Posted by: jimr451 -
May. 06, 2015 10:38 AM ET USA
I wonder how the Vatican would react if the situation involved "blasphemous" christian artwork, and christian gunmen? Would the focus be on the "provactive intent" of the artists, or those committing the violent acts in response....? I'm not sure.
Posted by: FredC -
May. 06, 2015 8:46 AM ET USA
Although the exhibit was uncharitable, it was not blasphemous, any more than a condemnation of black magic would be blasphemous. Condemnation of the exhibit should be based on its lack of charity and should be from the U.S. bishops, not from the Vatican newspaper.
Posted by: filioque -
May. 05, 2015 10:52 PM ET USA
nothing to do with free speech, as the organizers of the exhibit claim. The government is not threatening to inhibit their speech. But the speech they want to make should be inhibited by societal norms and common sense. It has to do with civility and constructive conversation. The government properly stands back, but the rest of us should tell them to pipe down. They wanted to provoke and they succeeded, putting innocent people at risk.

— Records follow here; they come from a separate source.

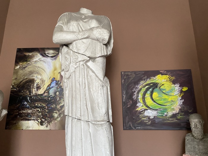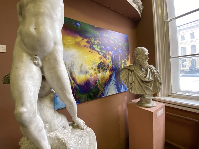 Также полотна и металлические скульптуры размещены в отделе гипсовых слепков. Аляпистые квадраты и прямоугольники расположены среди античных скульптур. И это в общем-то сглаживает восприятие. Но далеко не для всех. Ректор академии назвал выставку "конем в сенате". Логичный вопрос: зачем тогда размещать? Музей и университет - это две разные структуры. Одна другой не подчиняется.
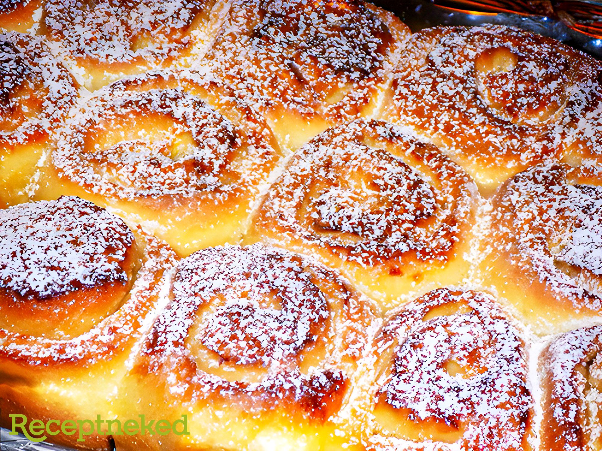 Ezután körülbelül 1 órán át pihentetjük. Előmelegített sütőben 200 fokon aranysárgára sütjük. A sütőből kivéve cukros tejben megforgatjuk, és még 1-2 percre visszatesszük.
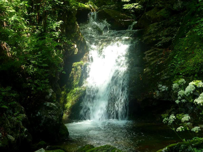 譯文:在極高的山峰上,生長著許多奇形怪狀的柏樹,在山峰之間,常有懸泉瀑布飛流沖蕩。
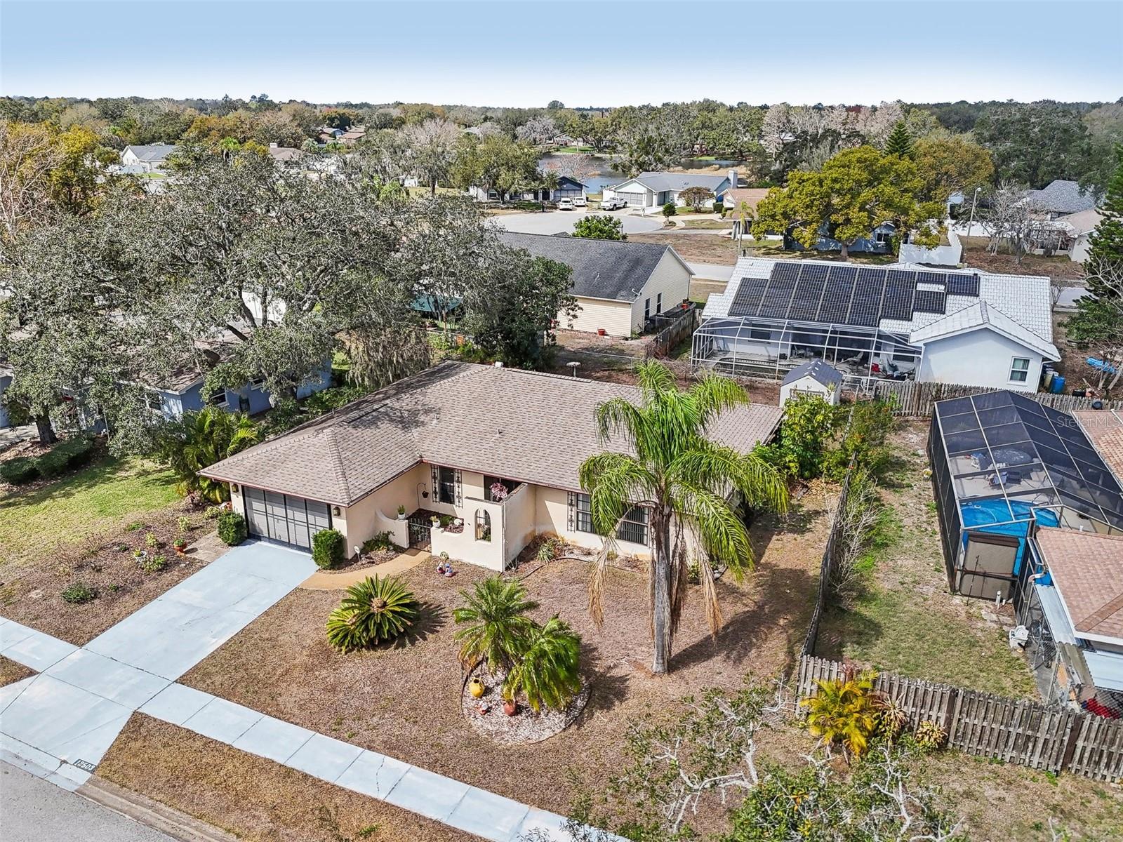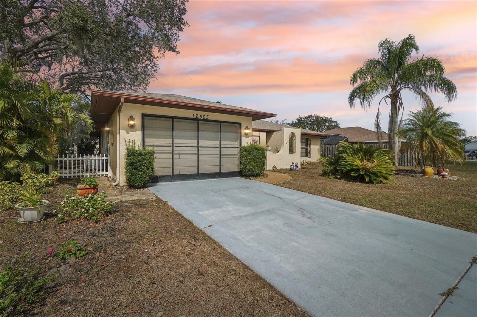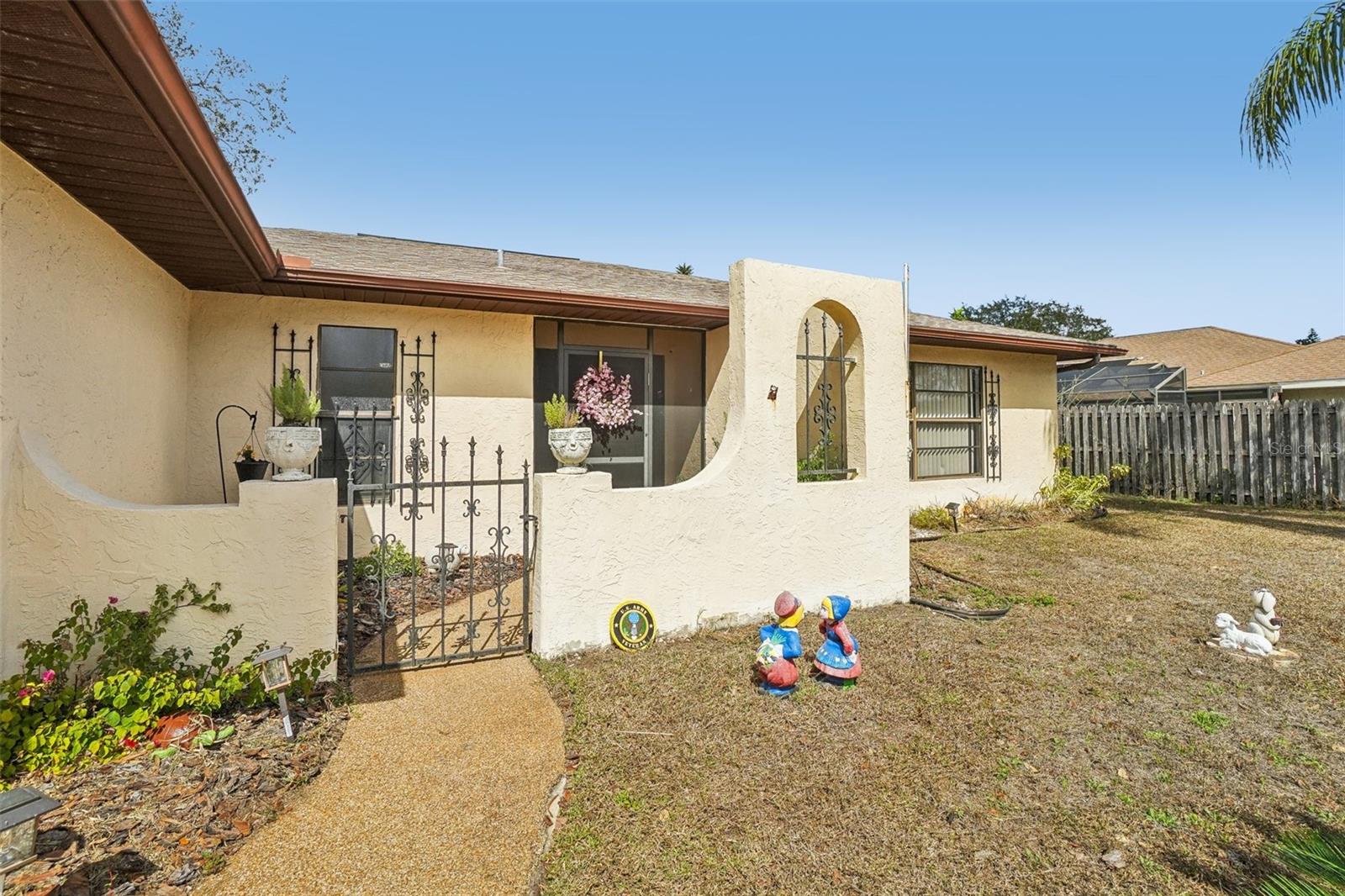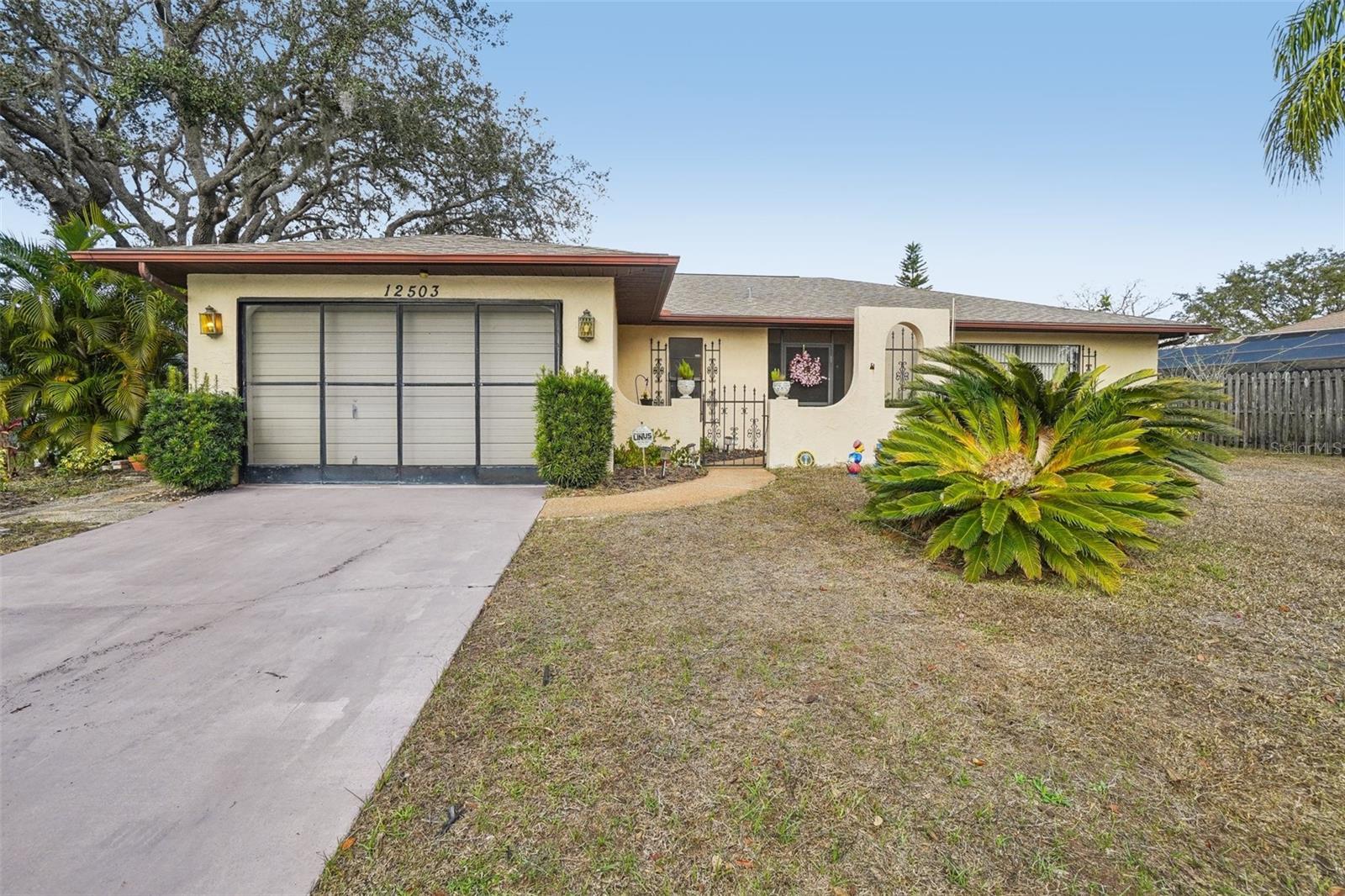 Large Price Decrease! Single Family 2 bedroom 2 bath well cared for home situated in a quiet neighborhood and great location. Open floor plan, Courtyard entrance leads in to the bright and large living, dining, and kitchen areas with views into both the front and back yards. The large owner's suite has a walk-in closet and ensuite bath, there is an equally spacious second bedroom with a large closet and full bath across the hallway. The enclosed Florida room leads out to a "fully fenced" back yard with room to expand the home or to add a pool. Important items to note: Roof only 6 years old, Carpet less than a year old with 20 yr., transferrable warranty, new range with air fryer, new microwave/hood vent, new 8x10 outside shed, Washer and Dryer included (washer is near new), water heater is less than a year old, sprinkler system was updated and serviced water for system is supplied by well, cabinets added to garage for storage. This is a great quiet neighborhood which the home did not receive any damage from either of the recent hurricanes. All floors will be cleaned by Stanley Steamer prior to listing for buyer's convenience. Property is a short drive to the Suncoast Parkway, shopping, restaurants, medical facilities and the Florida Beaches.

Posted by: jacquebquique5708 -
May. 05, 2015 1:17 PM ET USA
I am conservative and all about free speech. However, I agree that this event was meant to provoke a response. The security guard appeared to be "the cheese in the mouse trap". The police appeared to be waiting.
Posted by: ElizabethD -
May. 05, 2015 11:56 AM ET USA
This initiative, while arguably morally ambiguous at best, lured and took 2 Isis terrorists off the US streets (partly at private expense). It will be controversial for a long time to come but that was an extraordinary day on Sunday.